| We were too tired. Two NICU babies both with reflux. I wanted to sleep more than I wanted to kill him and Vice versa. Also we both knew it would be harder alone so….. now we laugh about it. |
| My husband and I love each other, but doing his share around the house didn’t come naturally. When we moved in together, 50-50 housework split was my condition for it working. I had to train him, but we got the big fights about it out of the way then. He needed extra reminders when baby came, but he figured it out. He’s still not good at everything and is possibly the slowest dishwasher on the planet, but he does all the dishes (bottles and pump parts included) every night. Have a heart to heart about an even split. Then let him figure things out. Don’t nit pick when he doesn’t get it right. |
| When my first kid was a couple of months old and I went back to work, DH and I sat down with a list of chores and divided them up.
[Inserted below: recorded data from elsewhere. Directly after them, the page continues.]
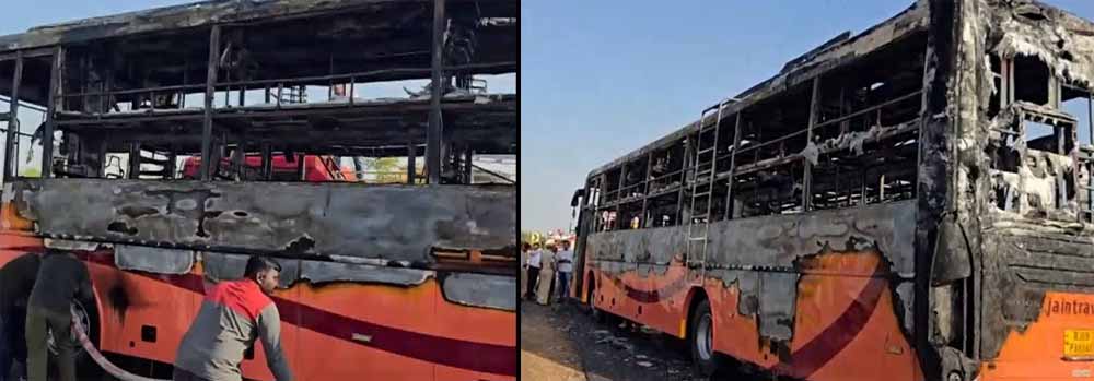 राजस्थान के जैसलमेर जिले में 14 अक्तूबर यानी मंगलवार दोपहर चलती एसी बस में अचानक भीषण आग लग गई थी। प्रत्यक्षदर्शियों के अनुसार, आग इतनी तेजी से फैली कि यात्रियों को बाहर निकलने का मौका ही नहीं मिला। बस का फाटक लॉक हो गया था, जिससे कई लोग अंदर फंस गए। कुछ यात्रियों ने खिड़कियां तोड़कर किसी तरह अपनी जान बचाई। बस में कुल 57 यात्री सवार थे। शुरुआती जांच में पता चला कि शॉर्ट सर्किट से बस के इंजन में आग लगी, जो देखते ही देखते पूरे वाहन में फैल गई। अधिकांश यात्री जोधपुर और जैसलमेर के ग्रामीण इलाकों से थे और कामकाज या परीक्षा से लौट रहे थे।
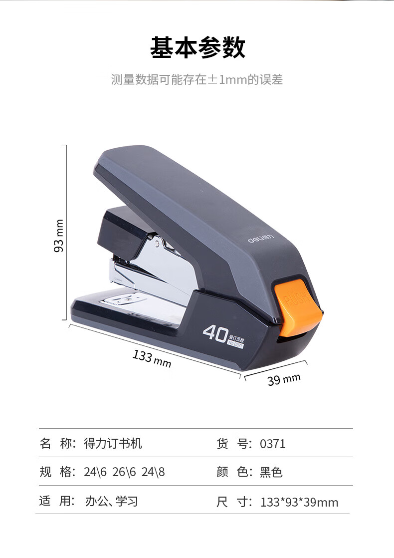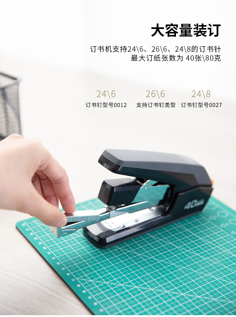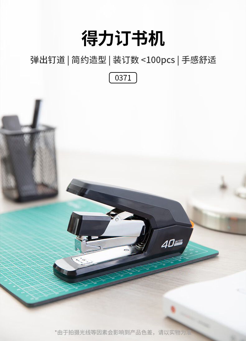 得力 0371 裝訂及打孔類 40頁省力型訂書機(jī)/訂書器 適配24/6,26/6及24/8訂書釘【0371訂書機(jī)/黑色】
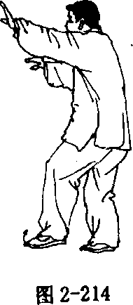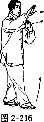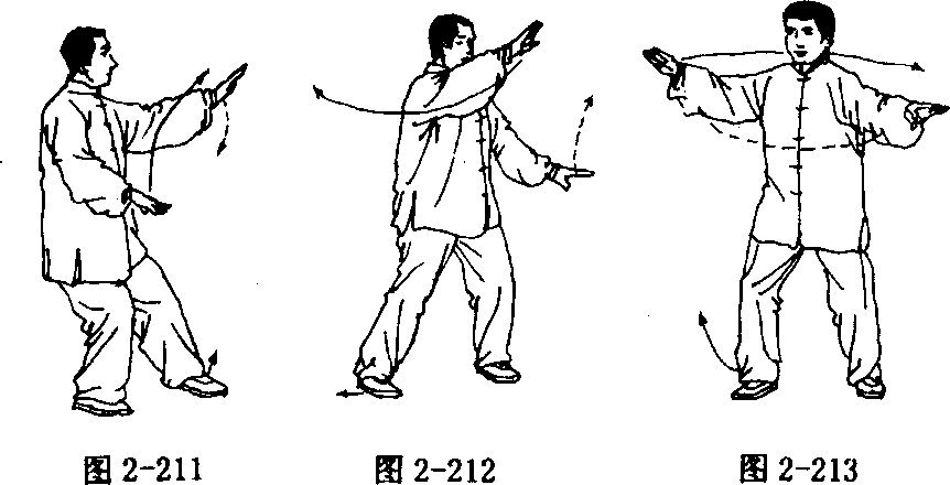 举于体前,掌心向下;右掌由上向右、向下弧形举于右腹前,掌心向 下,随即沿左臂上侧向前、向右弧形移于身体右侧方,掌心向下;同 时左脚掌为轴,脚跟外展,右脚尖外撇,眼看右前方(图2—211 ~ 213)0

We have always been pretty strict with “divide and conquer.” (For example, I always make dinner but he always cleans up the kitchen.). So we went through this list and it helped me realize a lot of stuff he was doing and also took some things off my plate. |
|
Agree with much of what has been said here (except for trying to blame breastfeeding for the inequities -- I'm not going to waste space on that ridiculous suggestion). I have a nine month old and WOW, the first six months was just awful on my relationship with my husband. OP, I have been there! My husband is not a dud, but he was such a dud for the first several months postpartum. From my perspective, he did not take the initiative to do much, he had to be told exactly what to do (and would sometimes get irritated at being asked to help), the stress/lack of sleep made him selfish and turned him into a bit of a jerk, and he wasn't particularly interested in the baby the first few months. I say that this was from my perspective, and while my husband's perspective would inevitably be different, I do not think he would really disagree with this assessment. Of course, all of this was happening at a time when I needed his support more than ever. I did question whether our relationship could weather the storm, particularly because I was not interested in a long-term relationship with this level of inequity and friction. At the 5-6 month mark, however, I do feel like things started to slowly improve. At the 9 month mark, things feel much better, though not great (it is still a work in progress, but I do see good progress).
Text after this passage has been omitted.